A Comprehensive Guide To Projection Matrices In Computer Graphics

Introduction¶

We construct the perspective and orthographic projection matrices common to computer graphics in a very general way. The usual parametrizations are defined with respect to specific coordinate system and a specific canonical view volume, such that the view volume parameters define the view volume planes directly in terms of coordinates.

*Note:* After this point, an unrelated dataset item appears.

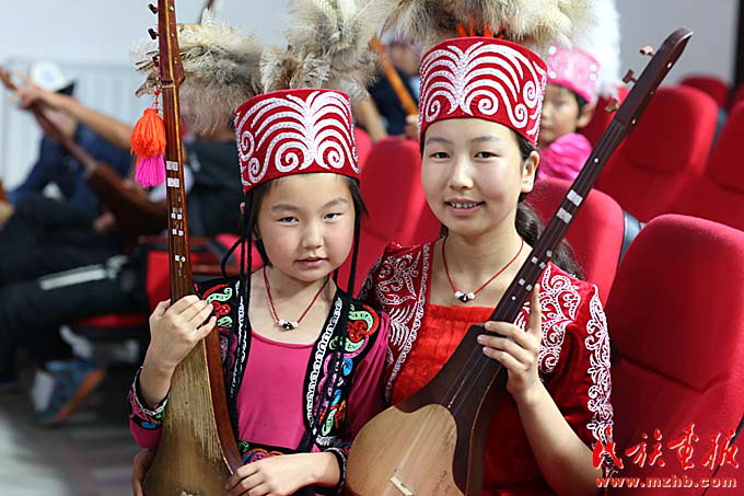 離開(kāi)工作室,記者們來(lái)到了鄉(xiāng)里的文化站,10多個(gè)柯?tīng)柨俗巫搴⒆诱趯W(xué)彈庫(kù)姆孜。站在一旁教學(xué)的老師是來(lái)自新疆師范大學(xué)大四的學(xué)生沙力哈爾別克·玉山巴依,學(xué)習(xí)音樂(lè)專業(yè)的他每年暑假都會(huì)回到自己的家鄉(xiāng)色帕巴依,為孩子們教授庫(kù)姆孜。他對(duì)記者說(shuō):“每次回家我都能感到孩子們對(duì)學(xué)習(xí)民族樂(lè)器的渴望。鄉(xiāng)政府也特別支持我,提供場(chǎng)地和經(jīng)費(fèi),能為孩子們教自己本民族的樂(lè)器,我也很高興?!?/p>

This is how most computer graphics books construct the projection transformations.

Rendering is done in the manifold $\mathbb{RP}^{3}$ in homogeneous coordinates for multiple reasons:

1. Affine transformations become linear transformations one dimension higher, so translations can be treated like any other linear transformations.
2. Transformations in $\mathbb{RP}^{3}$ are well-defined under changes in scale, so we can handle projective transformations in a unified fashion with affine transformations.
3. Coordinate systems and scales become equivalent, allowing spatial simulation problems to be expressed directly in a coordinate independent way.
4. We can change coordinate systems to whatever coordinate system makes the problem at hand convenient to work with.
5. For very practical reasons, we can express the problem in a coordinate system that affords the best numerical precision possible on the hardware.

A platform such as OpenGL, Vulkan, DirectX, Metal, or WebGPU typically defines its normalized device coordinate system as one that is a numerically favorable coordinate system. Any spatial computing domain whose problems are formulated in Euclidean space can take advantage of the manifold $\mathbb{RP}^{3}$. Such domains include computer graphics, computer vision, geometric modeling, and robotics. In the context of computer graphics, the platform coordinate system is whichever one maps the view volume in the viewing space to the canonical view volume defined by the platform interface. In particular, the canonical view volume tends to be parametrized by either $[-1, 1] \times [-1, 1] \times [-1, 1]$ or $[-1, 1] \times \ [-1, 1] \times [0, 1]$. In either case, transforming the problem to a unit interval adds one free bit of extra precision when working with floating point numbers. This maximizes the accuracy of floating point computations on the GPU, including tasks such as intersection testing, depth testing, texture sampling, and clipping algorithms.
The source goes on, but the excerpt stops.